Spoilers coming. Okay, now Merrick -- calling himself "Tom Higgins" -- has a job as a shoe salesman, and he's learning who the offenders are among the employees. Much to his surprise (but not to ours), he comes to like them. The "Miss Jones" of the title is Mary Jones, a salesperson played by Jean Arthur at the peak of her considerable powers. She's kind to "Tom." Her boyfriend Joe (Robert Cummings) is the ringleader of the demonstrators, but he's not the fire-breathing agitator Merrick was expecting. He's warm, friendly, and only wants what is best for all the employees.Then there's Elizabeth (Spring Byington), a lady close to Merrick's own age, and he learns to like her enough to consider proposing marriage. But, in a critical scene one evening on the subway, Elizabeth confides to "Tom" that she could never marry a man with money. It's against her principles. Of course, at that point, she thinks he's a poor man.
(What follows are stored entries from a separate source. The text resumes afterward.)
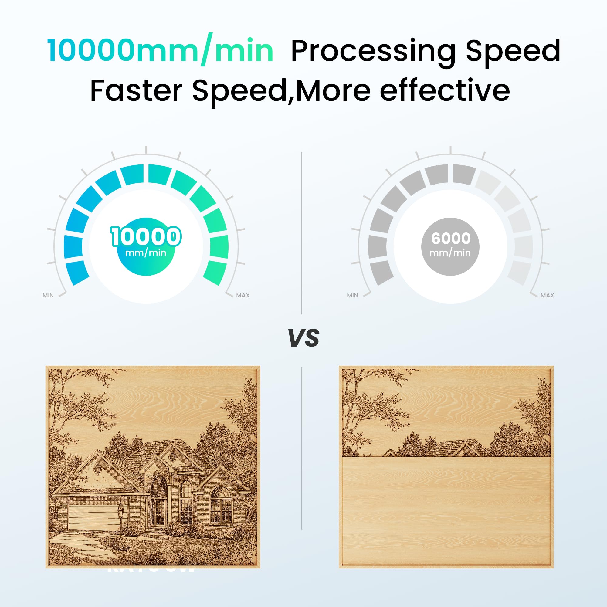 【High-Speed Performance,Laser Class II】Equipped with a cutting-edge 240MHz ESP32 chipset, the Longer Ray5 5000MW laser engraver achieves impressive speeds of up to 10,000mm/min. Its advanced processing power and multi-core architecture ensure superior compatibility and energy efficiency.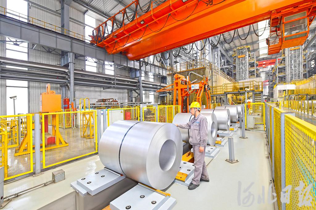 河钢集团唐钢公司通过工艺优化不断推出绿色低碳新产品。这是10月9日,唐钢高强汽车板有限公司职工在检查镀铝板外观质量。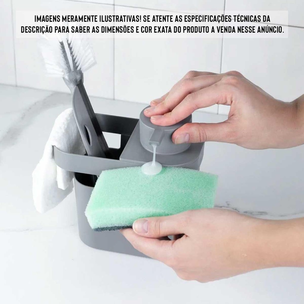 Kit Escorredor de Louça Dispenser Rodinho de Pia Lixeira - OU

There are plenty of comedic subplots here, and director Sam Wood steers them skillfully. One has Tom and Mary being arrested for minor offenses on the Coney Island boardwalk, then Joe shows up at the police station and advises the cops that they are in violation of the U.S. Constitution. Funny stuff. But don't worry, this isn't an anti-establishment film, it's an anti-injustice movie. Joe is a fellow who knows right from wrong, and Mary loves him for that.
Finally the day of reckoning comes, when Merrick will have to reveal to his new friends who he really is. In the hands of some hack director, this scene could have crashed and burned, taking the movie with it. But to our great delight, Wood makes it a truly memorable epiphany.
And in this, the film's penultimate scene, Coburn himself delivers the funniest line in the movie. In context, it is funnier than any line I've ever heard. And, although I've warned of spoilers, I won't repeat his line here. Nothing should prevent you from the joy of hearing it for the first time, when you finally see The Devil and Miss Jones.